The water was great, the beach was beautiful. But it was also crowded with women in revealing swimsuits.
Back home, his wife gets a lingerie catalog in the mail, and throws that filth away. He longs to pull it out of the trash and look at the ‘pornography’, telling himself: “I’ll only look quickly.”
It was all so adorable. Everybody loved the show.
He recalls in 2008: “I joke now that I was ‘living the Evangelical American dream.’ All I needed was a TV show and I’d have had it all.” But he had one? Carried out in books, blogs, conferences, sermons, podcasts.
It was one of our favorite shows: the man driving himself insane by monitoring every thought for sex, pretending the Creator of the universe was determined that people not touch each other.
He was never a theologian in any formal way. He was homeschooled, and at age 21, decided to write a book about sex. It ended up selling a million copies, and launched “purity” as a movement, but these ideas were never his own. His book was a copy of Passion and Purity, by Elisabeth Elliot, given to him by his mother. It’s how Christians cooled down their hot-blooded sons.
Later, when writing a forward for a re-release of his book, Harris recalls wanting to write a book that Elliot would like. He sends her the manuscript of I Kissed Dating Goodbye.
I re-wrote that letter at least three times. In one discarded version I told Mrs. Elliott that I doubted my book was even worth publishing since hers was so much better. And because I endlessly quoted her I suggested that I ‘just forget my book and work at selling yours.’”
She read his book, and returned an endorsement. He recalls: “She had typed it on a little post card and signed it.” And so his story began.
When his book was making him famous, he was pressured to find a powerful male leader, as he says, “and then to sit at their feet and learn from them.”
And there I was sitting across from CJ Mahaney, a man who at the time had been a senior pastor for 20 years, had done the national conference circuit, who understood the issues I was facing, and he was saying, ‘Go find a Paul.’ I was sitting there thinking, ‘You’re looking pretty good to me!’
Harris moved to Maryland, “so I could live in his basement and have him teach me how to be a pastor,” as he’d write in yet another book, Stop Dating The Church!: Fall In Love With The Family Of God. So he was “mentored” by C.J. Mahaney, a showman megachurch pastor. Mahaney had no formal theological education. He was an ex-hippie, a profile details, who’d re-made himself into a tongues-speaking Charismatic, then after that a Calvinist Evangelical megachurch pastor creating a cult-like community where members, ideally, only interacted with each other.

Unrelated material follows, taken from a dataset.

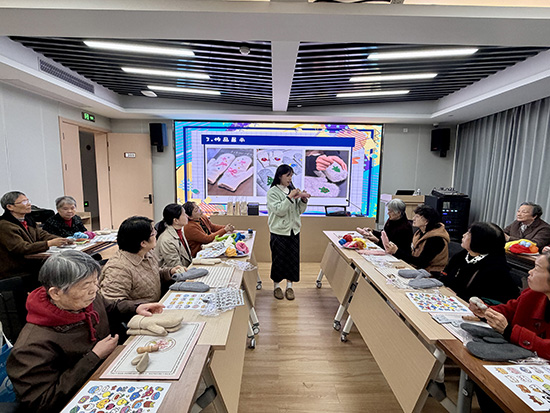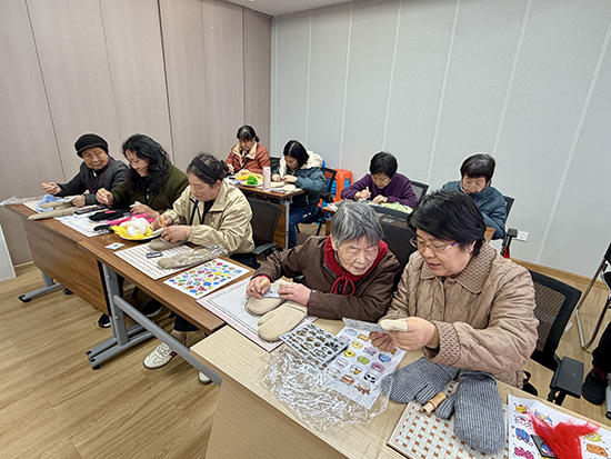 活動現場暖意融融,來自沐元職業培訓的范老師早已備好各色羊毛、圖案模板和戳針等材料。“今天帶阿姨們做一雙超可愛的毛茸茸的羊毛氈手套,俗稱‘戳戳樂’”隨著范老師熱情的講解,大家迅速投入創作,在場的老人們紛紛挑選自己喜愛的羊毛顏色,小心翼翼地將羊毛扯散、鋪平,再對照桌上的星星、花朵、小動物等圖案模板,手持戳針細細戳制,“阿姨們都是第一次嘗試,如果怕失敗,可以選擇藍天云朵這樣簡單的圖案。”

Mahaney was building a pastor factory to staff his church empire, young men known to imitate Mahaney’s preaching style, “with its clipped cadences and hands waving in the air, and to shave their heads as if to be like the pastor, who had long ago gone bald,” notes Tiffany Stanley’s 2016 Washingtonian exposé. And Joshua Harris was the crown prince.
Had he ever learned much theology? It seems just to have been a macho improv given a biblical veneer. “Men have historically abdicated their responsibility in the home and the church,” as Mahaney says. His idea was to be the Great Father who churned out the cookie-cutter sons, who’d rule their communities in the name of God.
Even more fundamentally, the training was in techniques of the theater of church. Harris recalls: “I remember so many sessions at the conference where he’d be whispering in my ear about how to transition between worship and preaching, how to lead in times of ministry, how to close the meetings.”
The pastor was an entertainer, and had to keep the show running.
While training to be a pastor, running conferences to “purify” America’s youth, Harris starting “courting” and then married a girl in the church, Shannon Hendrickson. Their romance was, of course, the subject of a book: Boy Meets Girl: Say Hello to Courtship.
I caught my first glimpse of her on the Sunday she got up in church and shared the story of how she’d become a Christian. Two and a half years earlier she’d had no interest in God. At the time she’d just returned to Maryland from college in New Hampshire, where she’d lived the typical party life. It was an empty life lived for herself-a life ruled by sin. Back home, she threw all her energy into her dream of becoming a professional singer.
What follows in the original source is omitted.